In this case, the state matrix is:  A = [0 1 ; -4 0]
and the output matrix is:  C = [1 0]
So the observability matrix is:  O = [1 0 ; 0 1 ; 0 -4 ; -4 0]
We can check the rank of this matrix, which should be equal to the number of states (i.e., 2) for the system to be observable.
Rank(O) = 4, which means the system is observable.
b.

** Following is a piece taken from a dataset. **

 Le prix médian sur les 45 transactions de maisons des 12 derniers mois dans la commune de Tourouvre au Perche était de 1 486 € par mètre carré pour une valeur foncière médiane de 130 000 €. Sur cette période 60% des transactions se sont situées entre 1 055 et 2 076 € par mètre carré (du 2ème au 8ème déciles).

We need to design an observer with a natural frequency of 10 and a damping ratio of 0.8.
The observer dynamics can be modeled by a second-order system:  ẋo = Ao xo + Bo y,  yo = Co xo
where xo is the observer state vector, y is the measured output, and Ao, Bo, and Co are matrices to be determined.
The characteristic equation of the observer system is:
s^2 + 2ζωn s + ωn^2 = 0
where ζ is the damping ratio, ωn is the natural frequency, and s is the Laplace variable.

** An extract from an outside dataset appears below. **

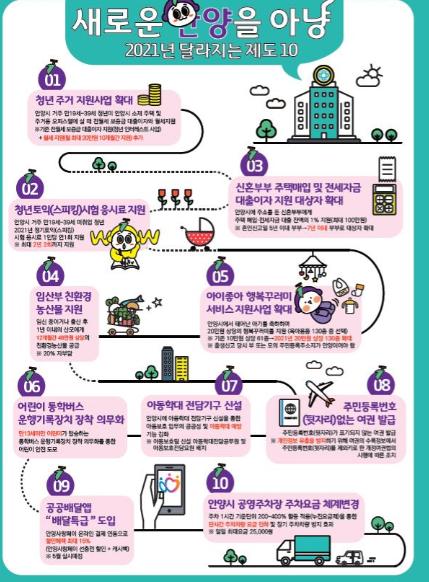 특히 안양에 거주하고 있는 청년과 신혼부부, 아동을 위한 새로운 제도가 많이 신설되어 청년이 찾아오는 도시, 가족의 삶을 책임지는 도시, 안양의 젊은층을 위한 노력이 엿보인다.

Plugging in the given values, we get:  s^2 + 1.6s + 100 = 0
Solving for the roots of this equation, we get:  s1 = -0.8 + 9.9499i,  s2 = -0.8 - 9.9499i
So the observer poles are located at these two complex conjugate values.
We can use the pole-placement method to design the observer matrices Ao, Bo, and Co.
First, let's choose a suitable observer gain L:  L = [l1; l2]
where l1 and l2 are scalars to be determined.
The observer matrices can then be calculated as:  Ao = A - LC,  Bo = [B ; 0], and Co = [0 0 1 0]
where C is the output matrix of the original system.
Plugging in the given values, we get:  Ao = [0 1 ; -4 0] - l1[1 0] - l2[0 1], Bo = [0 ; 1], and Co = [0 0 1 0]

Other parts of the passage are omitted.